Previous studies have established that J2a-M410 and J2b-M102 represent the Y-chromosomal component associated with demic diffusion of Neolithic farmers in North Africa and Eurasia from Mesopotamia (Iraq and Syria)14,15,16. The J2-M172 has been associated with different cultures and populations in history, such as Mediterranean/Aegan15, Greco-Anatolian, Mesopotamian and Caucasian. Presence of J2a-M410 and J2b-M102 in India has been considered a result of gene influx from Western Asia17,18. Worldwide spatial distribution of haplogroup (HG) J2a-M410 coincides with presence of archaeological records of painted pottery and ceramic figurine culture19,20. Similar material culture dating ~9 KYA has been recovered from the Neolithic sites of Mehrgarh located West of Indus Valley (now in Pakistan)21.
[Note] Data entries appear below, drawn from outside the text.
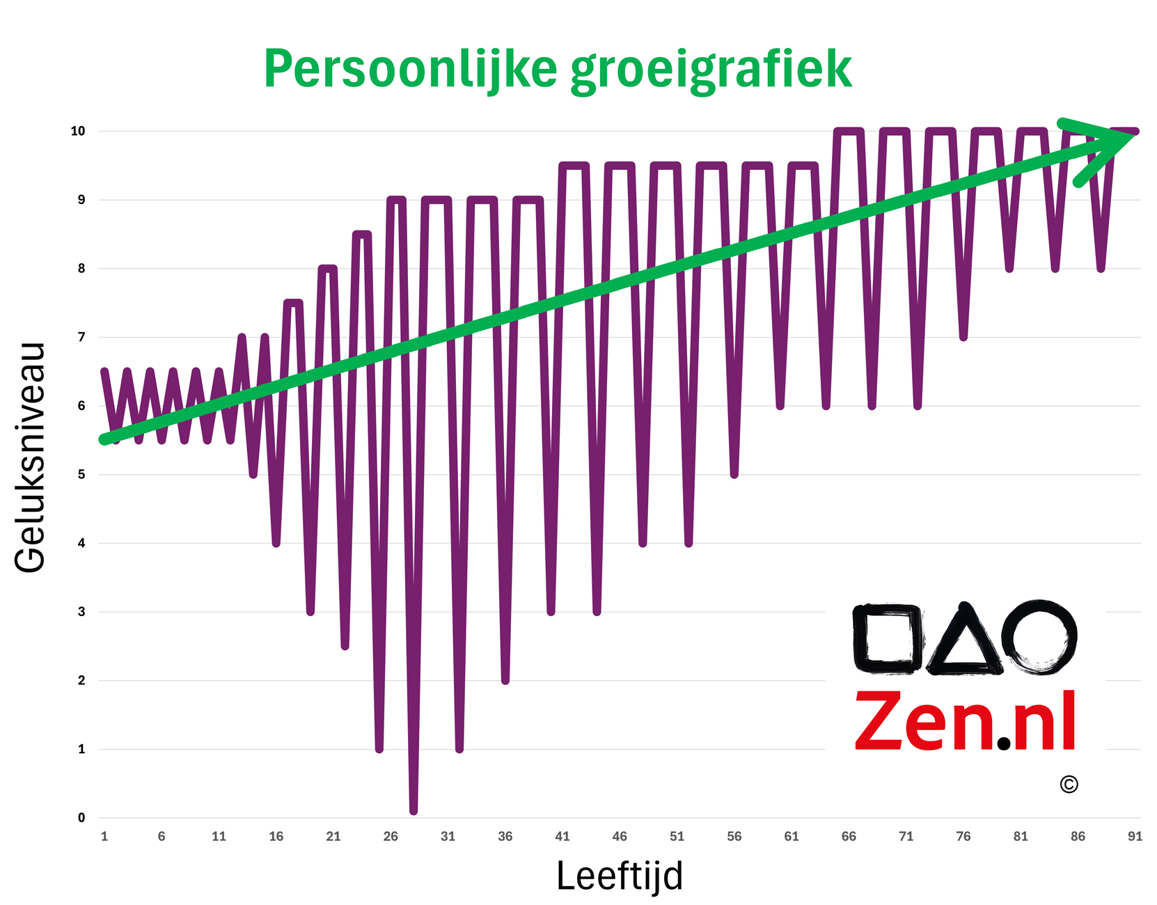 De persoonlijke groeigrafiek laat zien hoe de ideale persoonlijke ontwikkeling verloopt. De op- en neergaande lijn duidt op het regelmatig opzoeken en verleggen van de ondergrens. Dit is te vergelijken met het op peil brengen van je mentale conditie. Dit werken aan je conditie doe je door dagelijks een beetje af te zien, in de vorm van elke dag twee keer twintig minuten mediteren. Wekelijks train je in de zencursus om zo nu en dan nog eens wat langer stil te zitten en op stille zondagen mediteer je zelfs vier periodes van 25 minuten. Voor veel mensen is dit al een grote uitdaging en behoorlijk afzien, maar de rest van de dag voel je je dan heel tevreden en gelukkig. De groeigrafiek laat dus zien dat je die ondergrens dus regelmatig moet opzoeken om deze te kunnen verleggen. Regelmatig kort maar krachtig afzien is voldoende om er daarna steeds langer de vruchten van te plukken. Dat maakt dat de gemiddelde trendlijn langzaam maar zeker omhooggaat.
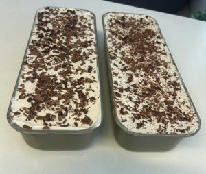 הכנת הקרם והציפוי: בקערת המיקסר מקציפים את השמנת, הפודינג וכף הקפה הנמס עד לקבלת קרם יציב מאוד.
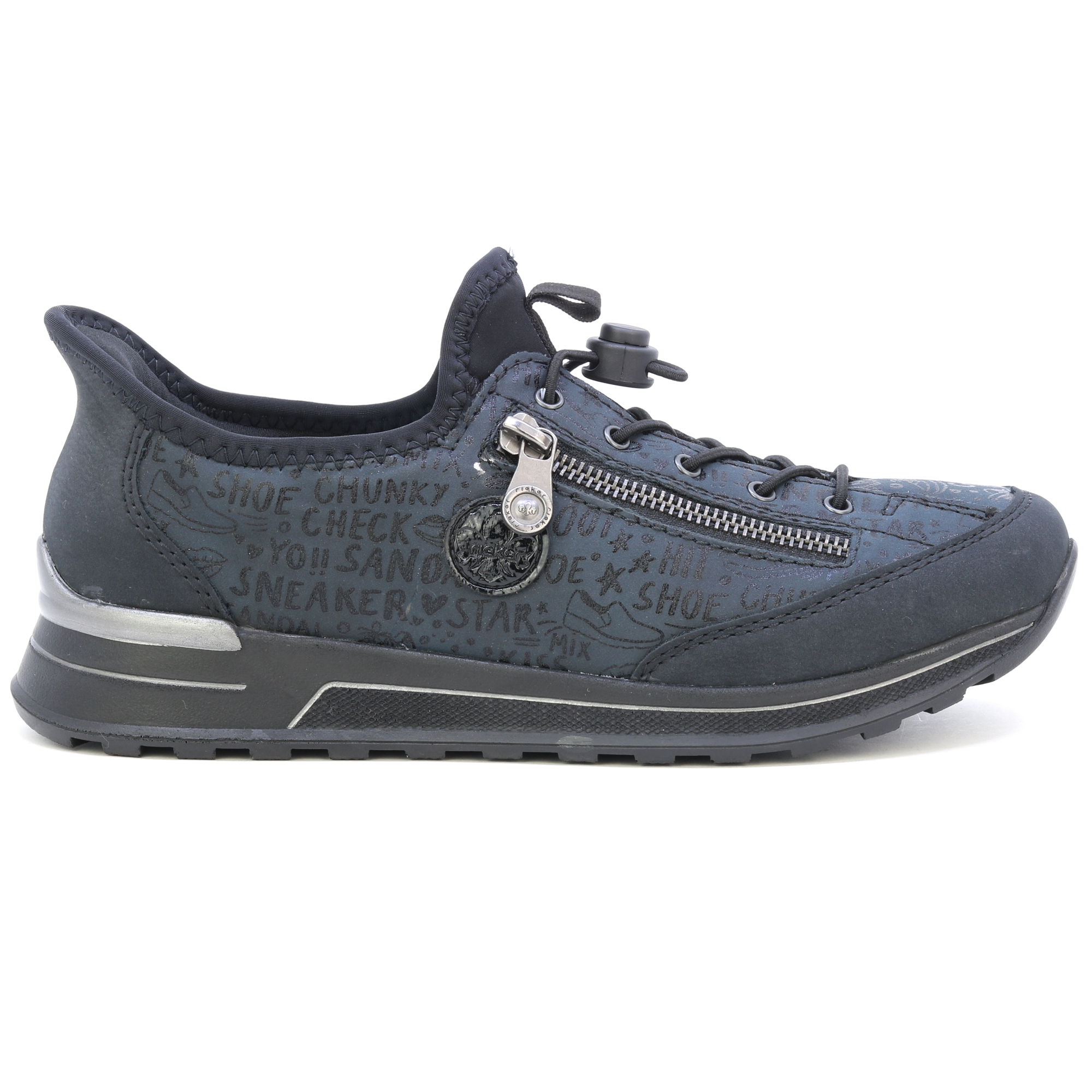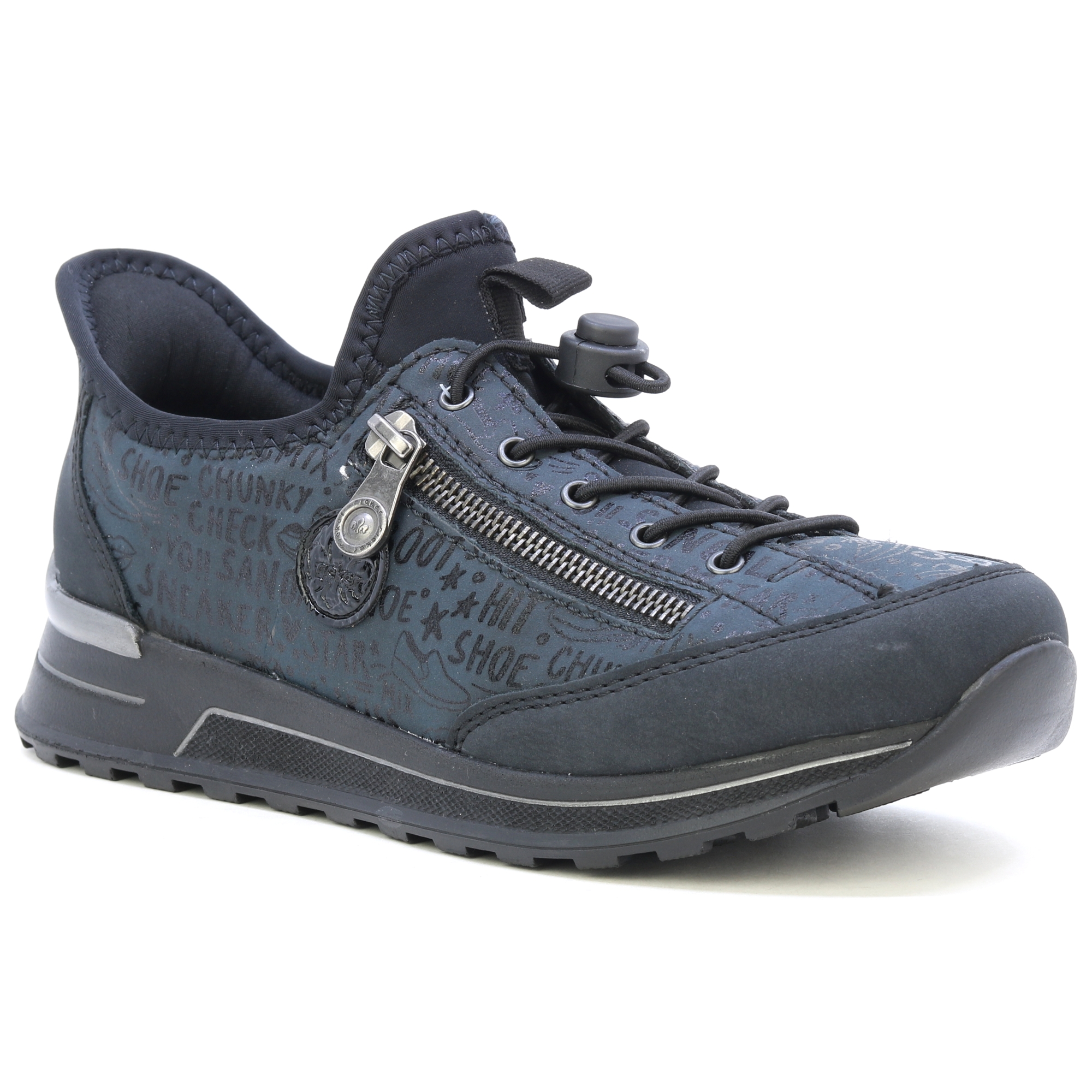 Tyto jedinečné tenisky RIEKER nabízí kombinaci tmavě modré barvy s jedinečným potiskem, ozdobným zipem a logem značky, tato kombinace přidává do obuvi nádech originality. Šněrování gumičkou a pružný horní okraj umožňují snadné nazutí. Maximální pohodlí a podporu během celého dne zajistí měkká vyjímatelná stélka a flexibilní podešev. Tyto tenisky jsou nejen stylové, ale také praktické pro každodenní nošení. Technologie: Antistress – díky čtyřem antistresovým vlastnostem – lehkosti, pružnosti, prostornosti a vynikající absorpci nárazů – vám boty RIEKER nabídnou komfortnější chůzi. RiekerSoft – unikátní stélka, která změkčuje došlap a přizpůsobí se tvaru Vašeho chodidla. Extraweit – obuv s tímto označením má stélku boty určenou pro široké chodidlo. Tato bota je vybavena vyjímatelnou stélkou.

The population of the sub-continent shows an outstanding biological and cultural variation, which has been shaped by geographical, ecological, social and linguistic factors22. Many recent studies, particularly from the field of evolutionary genetics, have shown the extent to which each of these factors has contributed to the generation and maintenance of this diversity. It is pertinent that paternal gene pool of India comprises mainly HGs of autochthonous origin of Late Pleistocene ancestry17,18,23 and received very little gene flow from outside7,8. Many Y chromosomal studies of India addressing major demographic questions have included and broadly discussed HG J2-M17217,18,23. However, the arrival and distribution of HG J2-M172 subclades in India have not been studied comprehensively yet. Hence, the aim of this study is to address the following: (1) whether or not, the demic diffusion model stands true for the current distribution of J2-M172 in India in the backdrop of independent origin of agriculture in South Asia; (2) which contemporary populations have the closest affinities with J2-M172 in India; (3) whether distribution of J2a-M410 in India is more dominant in castes than in tribes18; and (4) what social, linguistic or geographical factors might have influenced the distribution of J2-M172 subclades. To address the above, we investigated the presence of different subclades of HG J2-M172 in diverse set of Indian populations and their affinities with rest of the world.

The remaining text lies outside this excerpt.